Available data:

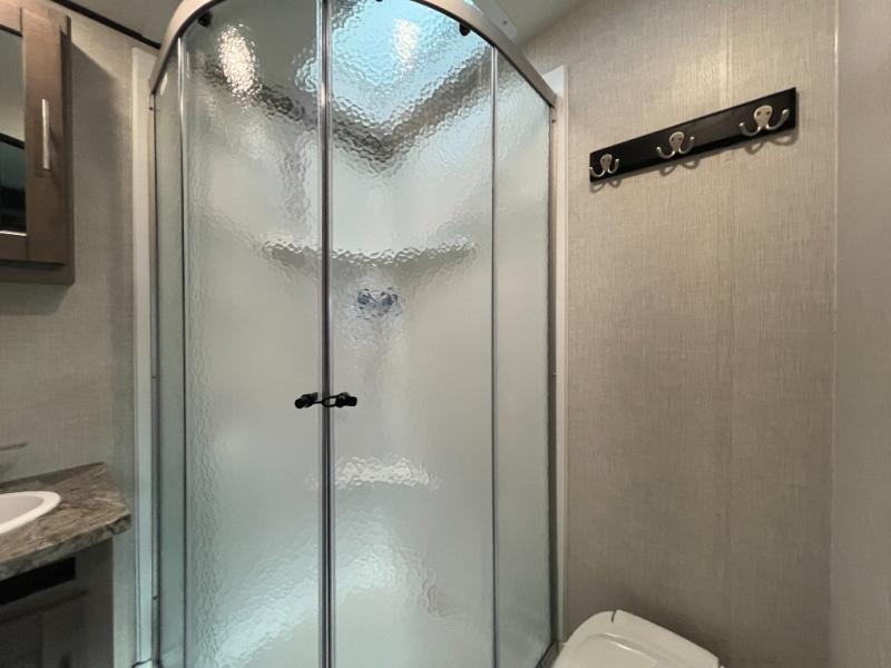 You will love this trailer for many reasons beginning with having dual entry for easy access to the spacious rear bedroom or the main living and kitchen area. The cook will love the front kitchen with lots of counter space, a window to enjoy the view and all the kitchen amenities to make warm meals for the two of you plus anyone that visits. The slide out sofa and booth dinette offer sleeping space for the grandkids on top of relaxation inside when you aren't outside under the electric awning with LED strip. You will have a full bathroom to get cleaned up after a fun day outside, and a rear master bedroom with a king bed slide out, storage and a rear window for more great views!
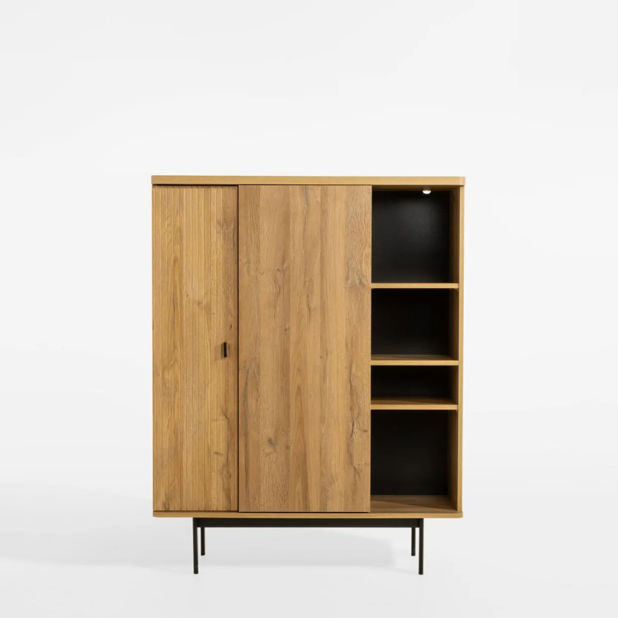Uporządkuj salon dzięki 2-drzwiowej komodzie LUCIA. Rzeczy nieprzeznaczone na widok schowasz za pełnymi drzwiami, zapewniając schludny wygląd pomieszczenia. Otwarte półki pozwolą Ci wyeksponować ulubione pamiątki z wakacji.
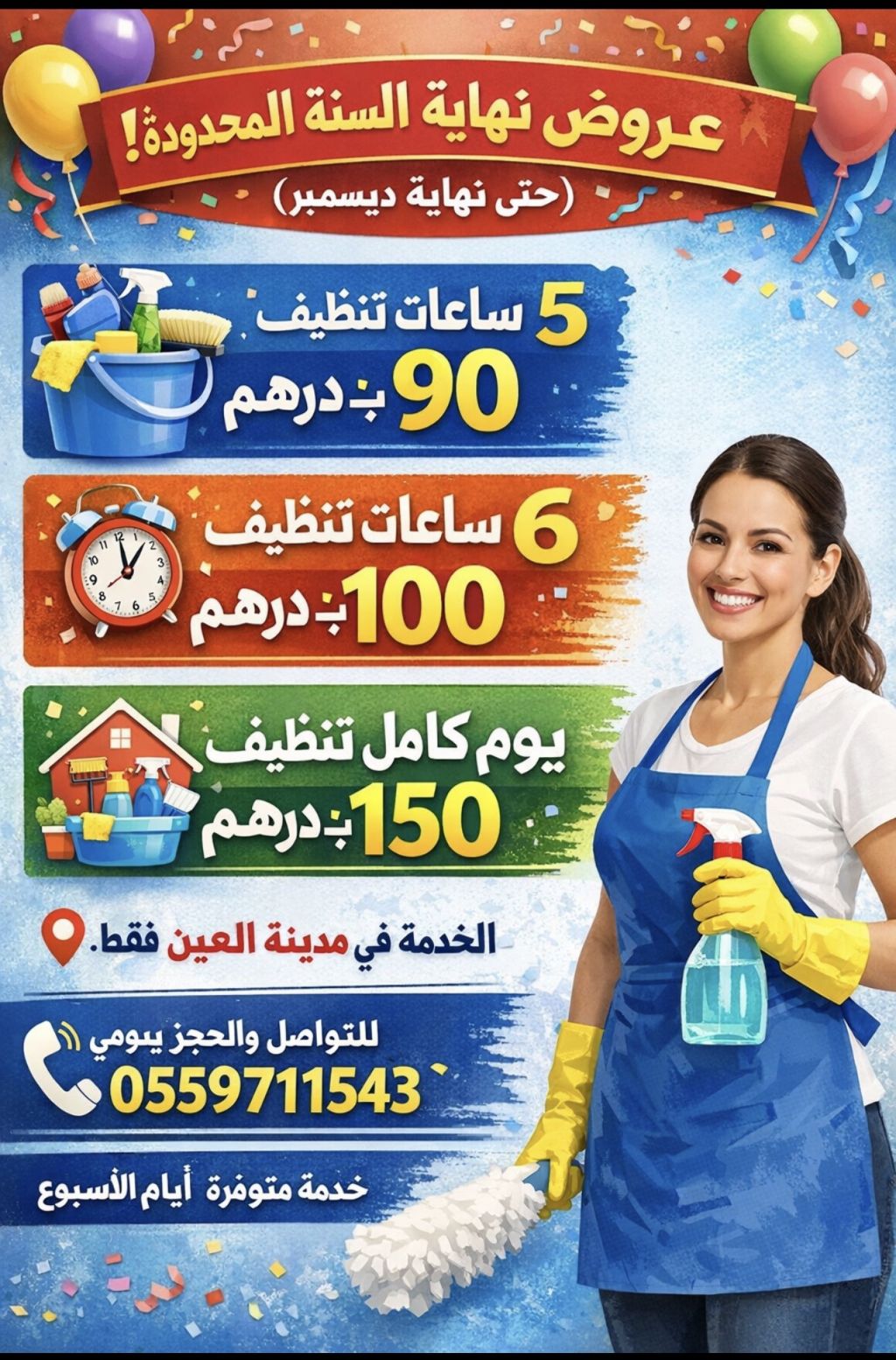 عروض لمدة محدودة الى نهاية شهر 12 عاملة لمدة 5 ساعات فقط ب 90 درهم عاملة لمدة 6 ساعات فقط ب 100 درهم عاملة لمدة يوم كامل فقط ب 150 درهم الخدمة داخل مدينة العين فقط حجز يومي

What to work on: An exact copy of the listing above is to be set down, with no pictures in it.

Task answer:
 You will love this trailer for many reasons beginning with having dual entry for easy access to the spacious rear bedroom or the main living and kitchen area. The cook will love the front kitchen with lots of counter space, a window to enjoy the view and all the kitchen amenities to make warm meals for the two of you plus anyone that visits. The slide out sofa and booth dinette offer sleeping space for the grandkids on top of relaxation inside when you aren't outside under the electric awning with LED strip. You will have a full bathroom to get cleaned up after a fun day outside, and a rear master bedroom with a king bed slide out, storage and a rear window for more great views!
Uporządkuj salon dzięki 2-drzwiowej komodzie LUCIA. Rzeczy nieprzeznaczone na widok schowasz za pełnymi drzwiami, zapewniając schludny wygląd pomieszczenia. Otwarte półki pozwolą Ci wyeksponować ulubione pamiątki z wakacji.
 عروض لمدة محدودة الى نهاية شهر 12 عاملة لمدة 5 ساعات فقط ب 90 درهم عاملة لمدة 6 ساعات فقط ب 100 درهم عاملة لمدة يوم كامل فقط ب 150 درهم الخدمة داخل مدينة العين فقط حجز يومي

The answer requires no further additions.